1. Define a Company. What are its features? Explain under what circumstances a corporate veil can be lifted? (2+6+12)
Ans: Introduction: A company is an artificial person created by law, having a separate legal entity, with a perpetual succession and a common seal. It is an association of many persons who contribute money or money’s worth to a common stock and employs it for a common purpose. The common stock so contributed is denoted in terms of money and is called capital of the company. The persons who contribute it or to whom it belongs are members. The proportion of capital to which each member is entitled is his share.
Joint Stock Company has been defined by many eminent authors, jurists and institutions. Some of these definitions are given below:

According to L.H.Haney – “A company is an artificial person created by law, having a separate legal entity, with a perpetual succession and a common seal.”
According to Company Act 1994 – “Company means a company formed and registered under this Act or any existing company.” [Section 2(1.c)]
According to Chief Justice Marshall – “A company is an artificial being invisible, intangible and existing only in the eyes of law.”
The system of joint stock organization is very useful for large undertakings for which large capital is required. It is an incorporated association created by law, having distinctive name, a common seal, perpetual succession, limited liability etc. formed to carry on business for profit.
Characteristics of a Company
1.       Artificial Person: A company is an artificial person, which exists only in the eyes of law. The company carries business on its own behalf. It has a right to sue and can be sued, can have its own property and its own bank account. It can also own money and be a creditor.
2.       Created by law: A company can be formed only with registration. It has to fulfill a lot of formalities to be registered. It has also to fulfill a lot of legal formalities in order to be dissolved.
3.       Separate Legal entity: A company has a separate legal entity and is not affected by changes in its membership.
4.       Perpetual succession: A company has a continuous existence. Its existence does not affected by admission, retirement, death or insolvency of its members. The members may come or go but the company may go forever. Only law can terminate its existence
5.       Limited Liability: The liability of every member is limited to the amount he has agreed to pay to the company on the shares held by him.
6.       Voluntary Association: A company is a voluntary association. It cannot compel any one to become its member or shareholder.
7.       Capital Structure: A company has to mention its maximum capital requirements in future in its memorandum of association. Its capital is divided into shares, which are easily transferable from person to person.
8.       Transferability of Shares: The shares of a company are freely transferable by its members except in case of a private company, which may have certain restrictions of such transferability.

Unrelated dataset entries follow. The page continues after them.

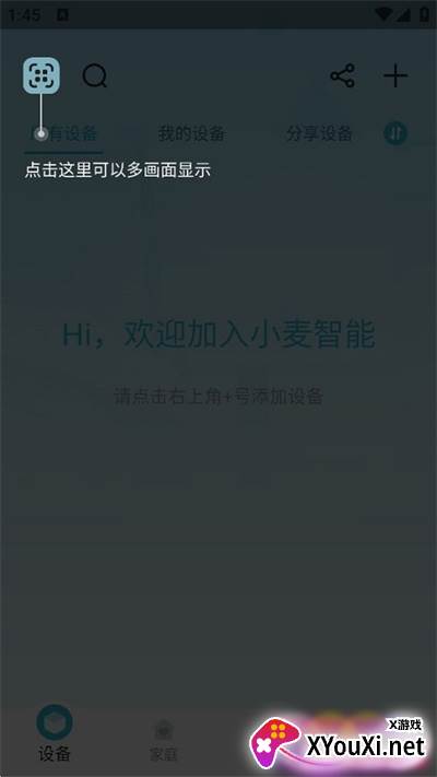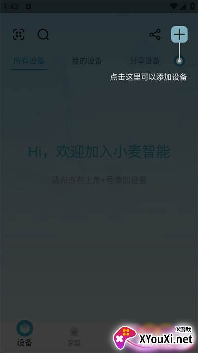 1. 在首页,轻点右上角的号,即可自主添加您的智能设备。
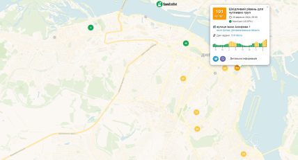 Такие данные приводит мониторинговый портал SaveEcoBot. Наиболее сильный уровень загрязнения фиксируется в центральном районе Днепра.
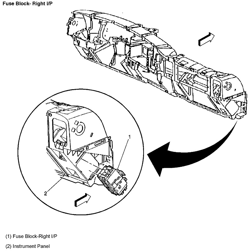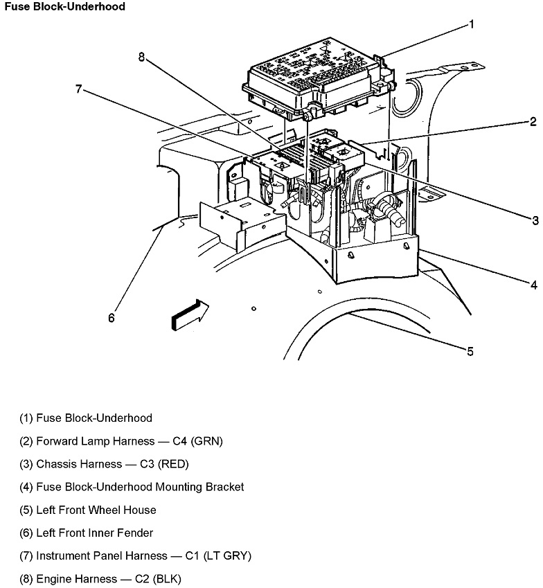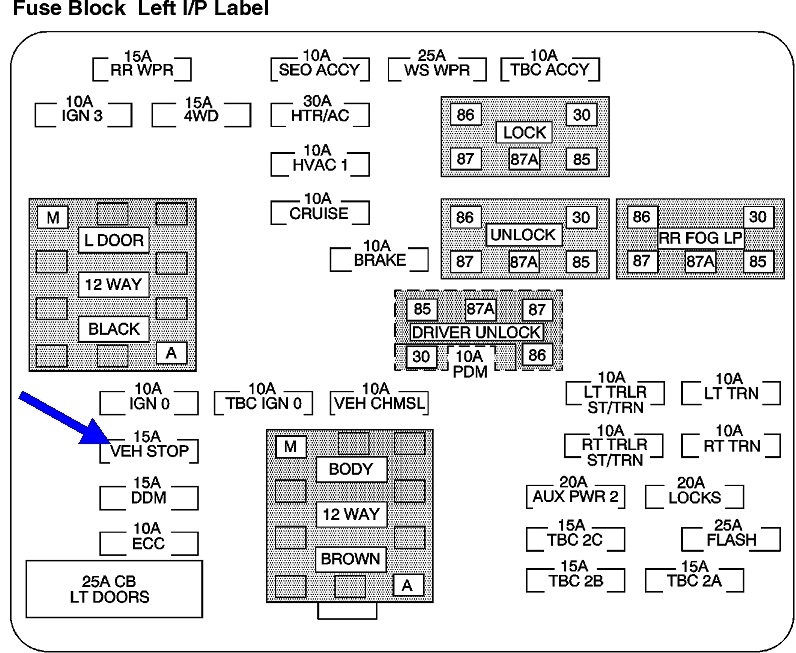 In this case we know there's 12 volts getting all the way past the brake light switch because the center high-mount brake light turns on. Everything up to the red arrow has to be working. Next, look for the blue 15-amp "Veh Stop" fuse in the inside fuse box. That's on the left side of the dash. There will be two tiny holes on top for test points. Check for 12 volts on both of them while the brake pedal is pressed.
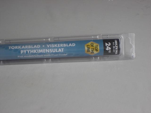 Åkte förbi Biltema idag och köpte 2 styck av deras flata torkarblad som enligt forummedlemmarna skulle hålla bra kvalitet. Biltemas tabeller rekommenderade 22 tum stora torkarblad till E34 karossen. Väl framme i bilen jämför jag de nyinköpta torkarna mot de befintliga och inser att det saknas ca 5 cm på varje torkare. Går in till biltema och ber att få byta till 24 tum stora torkarblad som för övrigt kostar lika mycket. 24 tummarna är något större än de Bosch torkare som sitter på, men jag tror att det ska gå bra ändå. Jag börjar med att montera torkaren på passagerarsidan och noterar att torkaren har svårt att följa böjen längst ut på E34ans vindruta, men det är enbart när torkaren är i vilotillstånd och jag tror inte att det kommer att inverka på torkarens funktion.

When can Corporate Veil of A Company be lifted?
For all purposes of law a company is regarded as a separate entity from its shareholders. But sometimes it is sometimes necessary to look at the persons behind the corporate veil. The separate entity of the company is disregarded and the schemes and intentions of the persons behind are exposed to full view which is known as lifting or piercing the corporate veil. This is usually done in the following cases:
1. Determination of character- In Daimler Co Ltd. v. Continental Tyre and Rubber Co., a company was incorporated in England for the purpose of selling tyres manufactured in Germany by a German company. The German company held the bulk of the shares in the English company and all the directors of the company were Germans, resident in Germany. During the First World War the English company commenced an action to recover a trade debt. And the question was whether the company had become an enemy company and should therefore be barred from maintaining the action.
2. For benefit of revenue- The separate existence of a company may be disregarded when the only purpose for which it appears to have been formed is the evasion of taxes. In Sir Dinshaw Maneckjee, Re, the assessee was a wealthy man enjoying large dividend and interest income. He formed four private companies and agreed with each to hold a block of investment as an agent for it. Income received was credited in the company accounts but company handed the amount to him as pretended loan. Thus he divided his income in four parts to reduce his tax liability. The Court disregarded corporate entity as it was formed only to evade taxes.
3. Fraud or improper conduct- In Gilford Motor Co v. Horne, H was appointed at the managing director of the plaintiff company on the condition that he shall not solicit the customers of the company. He formed a new company which undertook solicitation of plaintiff’s customers. The company was restrained by the Court.
4. Agency or Trust or Government company- The separate existence of a company may be ignored when it is being used as an agent or trustee. In State of UP v. Renusagar Power Co, it was held that a power generating unit created by a company for its exclusive supply was not regarded as a separate entity for the purpose of excise.
5. To avoid welfare legislation- where it was found that the sole purpose of formation of new company was to use it as a device to reduce the amount to be paid by way of bonus to workmen, the SC pierced its corporate veil. –The Workmen Employed in Associated Rubber Industries Ltd. v. The Associated Rubber Industries Ltd, Bhavnagar.
6. Under statutory provisions- The Act sometimes imposes personal liability on persons behind the veil in some instances like, where business is carried on beyond six months after the knowledge that the membership of company has gone below statutory minimum (sec 45) - Madanlal v. Himatlal, when contract is made by misdescribing the name of the company (sec 147), when business is carried on only to defraud creditors (sec 542).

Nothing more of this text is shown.